十七歲的顧清時常夢見,一個女人。
那女人生的極美,比得過她僅有的十七年歲月中,所有見過的漂亮女人。
顧清原本藏的極好,她穩穩躲在一處農院的地窖中,用石子抵著地窖一角,靜悄悄等著。
若沒有這一石子,她其實不敢確保在那些東西走前,她是否會被悶死。
外面的屠殺依舊繼續,刀切骨肉,頭顱落地。
“咚咚咚。”
不遠處一長相如鼠的男人死命磕著頭。
“大仙,大仙,勿殺我,我知何處藏有細皮嫩肉女娃,我這臭肉爛骨塞牙,我方才見她入了一間.......。”
'哢。'
刀斬脖頸,血湧如泉。
女人銀鈴般的聲音中充滿厭惡。
“聒噪!”
顧清早屏住了呼吸,閉上眼,動也不敢動。
噠噠噠。
地窖門上被人用刀尖戳著,過了好久,似乎是刀主人覺得太過無趣,提著尖刀,緩緩走遠。
顧清松了氣,剛欲睜眼,一陣濃鬱的血腥氣鑽入她的鼻孔,令人作嘔。
再看時,那長相如老鼠般的男人頭顱被規規整整擺放在地面正中,猙獰的面目正對地窖。
地窖木門忽然被大力掀開。
極美的女人抹著紅唇。
“找到你啦!”
殘垣斷壁的城池廢墟中,女人掐著顧清的脖子,發瘋笑著。
“他們殺的還不乾淨!這兒,還留著一個鮮活的人兒。”
“也不知,鮮活人血,滋-味-如-何?!”
力量懸殊。
被捏起脖子的顧清胡亂踢著。
“哎喲!”
她一腳正中女人下腹,女人哀呼一聲,嗓子裡卻冒出了另外的一道聲音。
“怎麽還踢人呐。”
“這她娘的小師妹,睡著了也不安分。”
今天是朝夕來到玄霄山的第五個年頭。
雖然她又因為罵了一遍二師兄,被罰打掃靈舍。
但她今天最開心了。
聽說山腳下來了個小師妹,她晚飯也不吃了,隨手一丟,臉大的飯碗咻的一聲從空中呈現一條完美的拋物線,吧唧一聲,穩穩蓋在了藥園中,一名正在鋤藥的弟子臉上。
不消片刻,二師兄怒吼的聲音便傳遍了整個藥園。
可罪魁禍首早跑遠遠的。
朝夕一聽是二師兄遭殃,臉都笑開了花。
“嘿嘿,她娘的,活該,讓你罰我。”
但真要說誰是整個玄霄山嘴第二碎的丫頭片子,大師兄林禾說是十一師妹朝夕,沒人敢稱第三。
至於誰是第一嘴碎。
那一定是朝夕天天掛在嘴邊的她娘。
因為朝夕經常說,她娘的,她娘的。
身姿挺拔白衣飄飄的少年郎彎著二指,朝著十一師妹的額頭便是一敲,好聽嗎,好聽就是好頭。

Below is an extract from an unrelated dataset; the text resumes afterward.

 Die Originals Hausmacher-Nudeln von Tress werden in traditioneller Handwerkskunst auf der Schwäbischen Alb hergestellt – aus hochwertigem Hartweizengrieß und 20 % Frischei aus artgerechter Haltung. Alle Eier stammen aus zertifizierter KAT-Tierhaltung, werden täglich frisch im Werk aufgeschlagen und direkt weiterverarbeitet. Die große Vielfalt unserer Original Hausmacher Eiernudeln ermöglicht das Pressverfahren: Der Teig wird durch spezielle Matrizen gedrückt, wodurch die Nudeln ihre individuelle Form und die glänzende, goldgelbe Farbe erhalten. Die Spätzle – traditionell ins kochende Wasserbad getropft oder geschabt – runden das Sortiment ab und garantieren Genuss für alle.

少年滿意的收回手指,也算是替二師弟報了飯碗扣臉之仇。
“塑靈台後,全身經絡與天地靈氣共鳴,免不得沉睡。”
“踢你那是活該,誰叫你嘴那麽欠,說了多少次,少在新來的師弟師妹面前亂嚼碎嘴,咱們玄霄山的風氣都被你帶壞了,被穆師叔聽見了,又是一頓揍。”
朝夕捂著額頭,恨得牙癢癢,卻也急忙閉了小嘴,整個玄霄門,除了穆師叔外,她最怕的便是眼前的少年,跑也跑不過,打也打不過。
玉樹臨風的少年郎,心裡卻是個歪了吧唧的大壞人。
每次她闖禍躲在床底,林禾總能想些法子,變些蟲呀蛇呀老鼠一類的東東逼她出來。
妥妥的大壞蛋,氣得很,氣得很!
朝夕剛要想些歪理辯解一番時,楊禾卻驚喜的說道。
“欸,醒了醒了!”
聽著耳邊的吵吵鬧鬧,顧清疲憊的睜開了眼,入目,潔白的綢緞垂在床架,繡著青紋的棉被蓋在身上,頭下是柔軟的棉枕,又有一股淡淡的檀香繚繞在整個房間。
床前立著兩人,少年劍眉星目,相貌端正,少女明眸皓齒,活潑靈動。
這是....到了哪兒?
一隻溫熱的手伸了過來,扯著顧清臉皮。
“梳洗乾淨這臉蛋還挺白呢,嘖,就是太瘦。”
林禾啪的一下打掉朝夕的小爪子。
“不許動手動腳,萬一把十三師妹嚇跑怎麽辦。”
朝夕的小嘴撅的老高,“哼,想當初剛來時,誰不是被寵的一朵花。“
林禾氣的好笑,“你那是花嘛,我看你是牛屎花。”
十一忍無可忍,挽著袖子就要和大師兄乾架。
“咳咳....。”
床榻之上,瘦弱的少女突然咳了起來,二人急忙關切望了過去,卻看到少女虛弱的撐起身子開口問著。
“二位....仙師,我...是在哪兒?”
仙師!
朝夕算是很久沒聽過這麽高雅的詞匯了,嗯....至少是沒人對她這樣說過,朝夕一屁股坐在床上,捧起顧青一隻冰冷的小手。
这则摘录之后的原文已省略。